Top email marketing tips to promote your next big sale

Top email marketing tips to promote your next big sale

Promoting your upcoming sale can be tough if you don’t know where to start. But if you have the right marketing mix, it shouldn’t be that difficult. One component of that is to employ a successful email marketing campaign.

Planning for an upcoming sale is no easy feat. You have to be careful about the discounts you give out—tthey should be just enough to attract customers but also help you retain your profits. But business owners like you focus too much on the technical side, neglecting that they’d also have to get the word out to attract as many customers as possible. One tried-and-tested way to do that is by designing your email campaign. There’s no one way of doing that right, but there are some fundamental rules you need to follow.

Market segmentation is key.

The first thing you need to do before launching your email campaign is to understand the different shades of your target audience. Every business has various audience segments. If you’re an apparel brand, your audience could be segregated by gender, age group, or product categories.

You need to figure out how many audience sub-groups there are and what products they like most, and try to tap into the reasons why they like them. Answers to those questions will help you craft an email that makes them tick.

A strong subject line is a must.

Once you’ve figured out your market segments, you need to start crafting a personalized email for each segment. But before that, you need to come up with a compelling subject line that prompts potential customers to open your email. That’s certainly easier said than done, but there are a few ways you can go about doing this.

First, imagine yourself in the customer’s shoes. Would you like to open a sales email from a random company? Probably not. In fact, chances are you’d toss it into the trash folder without opening it. So, your subject line needs to be customer-focused, not sales-focused. The easiest way to do that is by invoking the customer’s pain points and hinting that you have the solution.

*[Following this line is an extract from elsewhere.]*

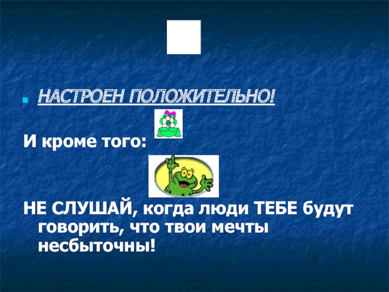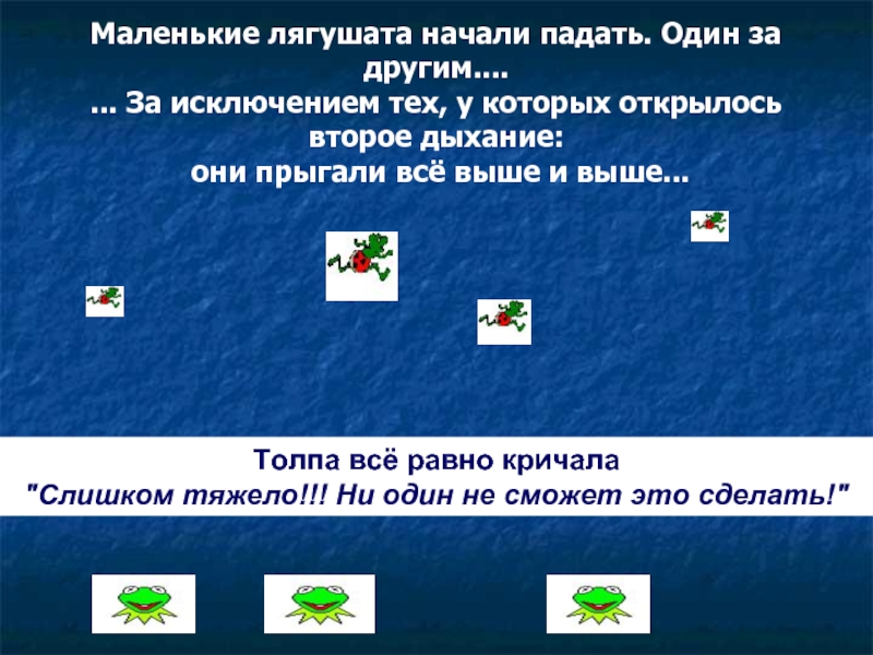 В конце концов все сдались. За исключением того одного лягушонка, который приложив все усилия, забрался на вершину!

On to crafting your perfect email

The perfect email doesn’t exist, but it does if you play your cards right. Most marketers flood their emails with walls of text. Let’s be honest, no one wants to wade through that. Humans are visual creatures and expect you to convey your message with a single glance.

So, you should add plenty of visuals and images to not bore your viewers. I recommend inserting catchy and colorful sale flyers that present all the information about your products and discounts in a colorful way. You can use PosterMyWall’s pre-built sale flyer templates to craft posters in a few clicks.

If you’re adding text to your email, be mindful of not coming across as promoting your products. Always remember that the prime purpose of your emails is to solve the customers’ problems, not sell your products. As a good rule of thumb, you should follow the 80-20 rule, meaning only 20% of your email should be reserved for directly marketing your products or services.

You won’t get sales without CTAs.

Having a call-to-action (CTA) in your emails is a must-have. As the name suggests, a CTA tells the viewer what to do if they want to register for a free trial or take part in a lucky draw. Even if you just want to inform your customers about the upcoming sale, your email should end with a strong phrase like “Get your favorite jackets at X% off now!”

Another thing to keep in mind when crafting effective CTAs is to invoke a sense of urgency in the customer’s mind. If they think the sale won’t last that long, they’ll spring into action right away, and that’s what you’re counting on. Your CTAs should be spread throughout your email, but don’t overdo it, as it comes off as being overly salesy, which turns off most potential customers.

Are your emails mobile-friendly?

Perhaps the biggest mistake marketers make when rolling out their email campaigns is not checking if their emails are optimized for mobile devices or not. When you insert graphics, banners, and posters into your email, they won’t be optimized for smaller screens.

You don’t want the contents of your email messed up on a phone, especially when most viewers check their emails on their phones. Using a pre-built email template designed for phones and tablets is the best way to overcome this problem.

A final piece of advice

The strategies mentioned above work like a charm—rremember, though, that they aren’t a universal formula but rather a basic framework for a successful email campaign. You’ll have to fill in the blanks on your own by experimenting with several strategies and tweaking them for your products and audience. Don’t forget to monitor your results and make changes along the way. I highly recommend you initially launch your campaign on a small subset of your target audience and make tweaks accordingly before rolling out to all your market segments.